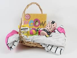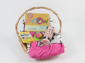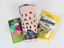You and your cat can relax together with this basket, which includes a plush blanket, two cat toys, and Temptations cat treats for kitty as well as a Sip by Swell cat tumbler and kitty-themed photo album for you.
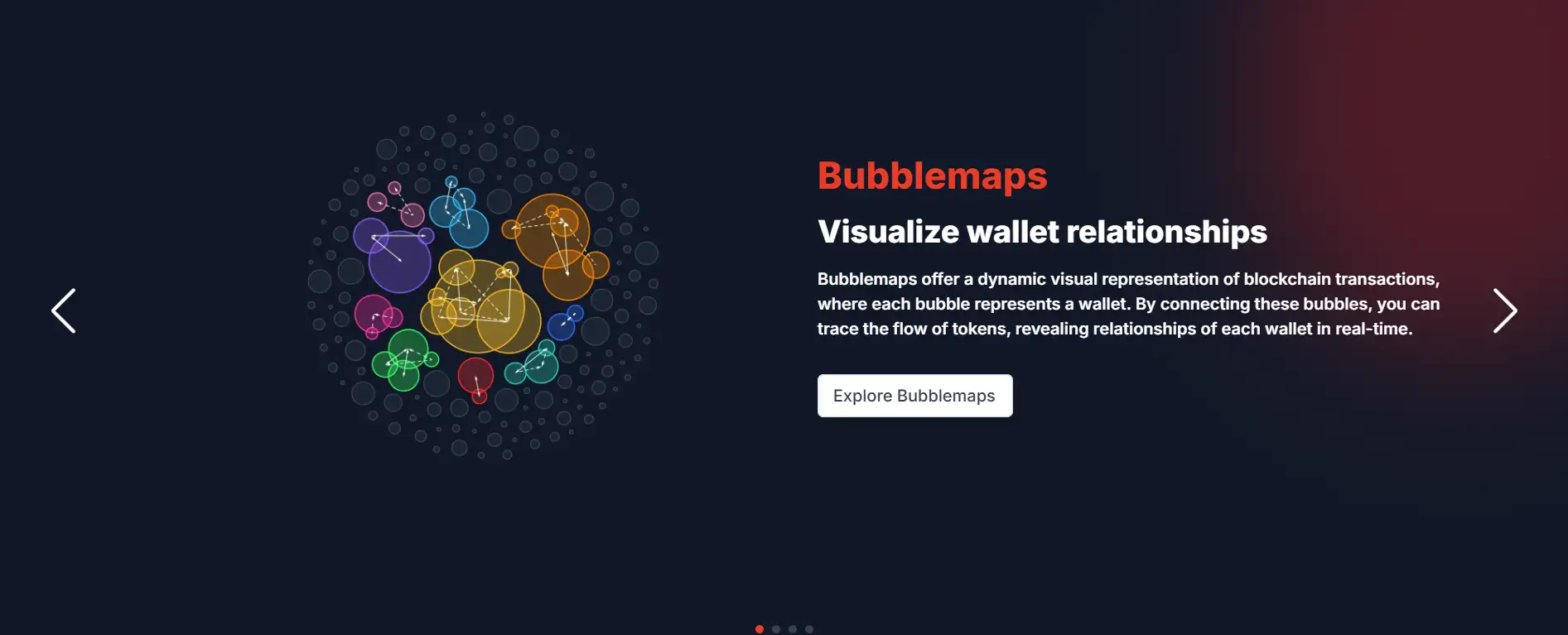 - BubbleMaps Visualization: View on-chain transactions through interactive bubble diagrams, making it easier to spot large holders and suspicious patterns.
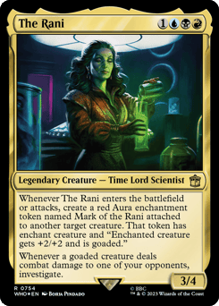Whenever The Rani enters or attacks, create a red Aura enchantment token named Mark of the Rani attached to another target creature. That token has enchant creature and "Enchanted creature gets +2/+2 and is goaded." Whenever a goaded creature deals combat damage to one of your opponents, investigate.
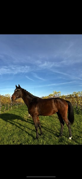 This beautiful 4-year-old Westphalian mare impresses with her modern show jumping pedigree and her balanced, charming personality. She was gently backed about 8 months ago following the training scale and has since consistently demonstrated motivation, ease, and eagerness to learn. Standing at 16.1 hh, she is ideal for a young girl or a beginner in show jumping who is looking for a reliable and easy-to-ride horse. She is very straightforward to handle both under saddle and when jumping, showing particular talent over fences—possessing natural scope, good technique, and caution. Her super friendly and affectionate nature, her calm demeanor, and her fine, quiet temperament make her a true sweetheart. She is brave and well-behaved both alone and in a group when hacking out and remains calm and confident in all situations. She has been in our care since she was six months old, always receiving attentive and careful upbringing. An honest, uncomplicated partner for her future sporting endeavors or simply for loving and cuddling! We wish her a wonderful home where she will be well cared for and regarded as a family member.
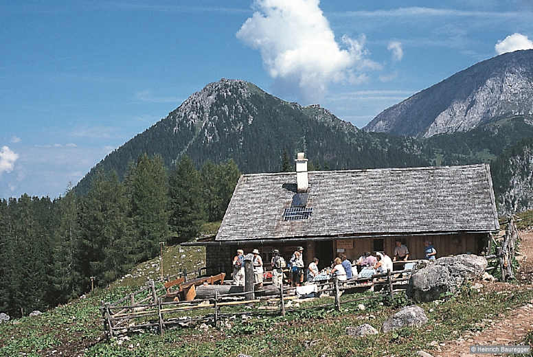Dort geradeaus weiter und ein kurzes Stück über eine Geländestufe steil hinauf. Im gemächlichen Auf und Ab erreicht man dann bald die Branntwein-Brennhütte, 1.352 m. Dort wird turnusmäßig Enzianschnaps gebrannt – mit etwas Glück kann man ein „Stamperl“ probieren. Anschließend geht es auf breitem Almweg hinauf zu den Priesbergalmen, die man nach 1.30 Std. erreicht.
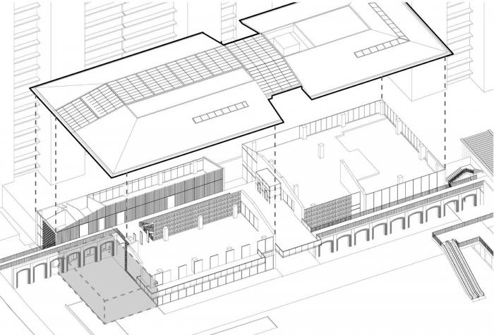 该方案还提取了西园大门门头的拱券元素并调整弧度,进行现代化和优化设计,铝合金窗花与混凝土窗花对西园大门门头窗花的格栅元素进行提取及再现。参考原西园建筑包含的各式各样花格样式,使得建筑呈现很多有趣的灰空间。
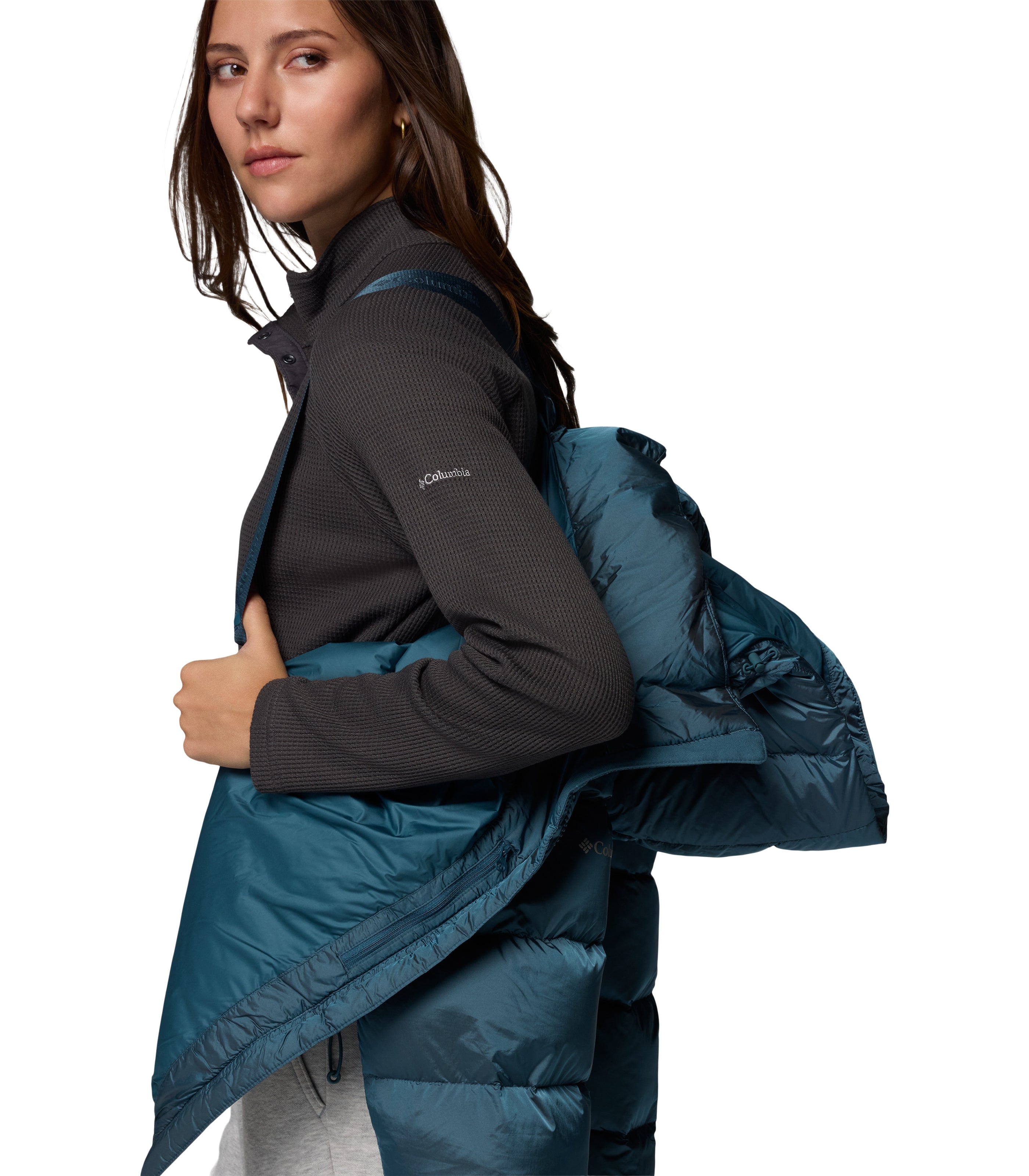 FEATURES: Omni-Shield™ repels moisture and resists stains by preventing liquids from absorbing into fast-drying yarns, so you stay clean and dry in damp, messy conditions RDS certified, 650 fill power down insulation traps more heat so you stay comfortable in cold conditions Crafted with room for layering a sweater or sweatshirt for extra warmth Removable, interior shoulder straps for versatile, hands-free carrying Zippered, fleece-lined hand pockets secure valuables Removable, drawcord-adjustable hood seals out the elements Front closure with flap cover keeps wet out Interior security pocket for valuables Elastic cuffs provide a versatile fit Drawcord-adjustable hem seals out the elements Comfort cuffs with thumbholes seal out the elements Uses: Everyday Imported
* * *
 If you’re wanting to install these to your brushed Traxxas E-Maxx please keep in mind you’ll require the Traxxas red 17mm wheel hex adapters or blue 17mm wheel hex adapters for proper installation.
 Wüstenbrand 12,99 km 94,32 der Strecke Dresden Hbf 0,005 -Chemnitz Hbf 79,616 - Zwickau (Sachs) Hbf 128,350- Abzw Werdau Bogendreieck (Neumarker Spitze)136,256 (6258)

▸ Your goal
Taking the records above, print only and exactly the lines from the line with "该方案还提取了西园大门门头的" to the line with "FEATURES: Omni-Shield™ repels", both kept, and exclude pictures.

▸ Expected answer
 该方案还提取了西园大门门头的拱券元素并调整弧度,进行现代化和优化设计,铝合金窗花与混凝土窗花对西园大门门头窗花的格栅元素进行提取及再现。参考原西园建筑包含的各式各样花格样式,使得建筑呈现很多有趣的灰空间。
 FEATURES: Omni-Shield™ repels moisture and resists stains by preventing liquids from absorbing into fast-drying yarns, so you stay clean and dry in damp, messy conditions RDS certified, 650 fill power down insulation traps more heat so you stay comfortable in cold conditions Crafted with room for layering a sweater or sweatshirt for extra warmth Removable, interior shoulder straps for versatile, hands-free carrying Zippered, fleece-lined hand pockets secure valuables Removable, drawcord-adjustable hood seals out the elements Front closure with flap cover keeps wet out Interior security pocket for valuables Elastic cuffs provide a versatile fit Drawcord-adjustable hem seals out the elements Comfort cuffs with thumbholes seal out the elements Uses: Everyday Imported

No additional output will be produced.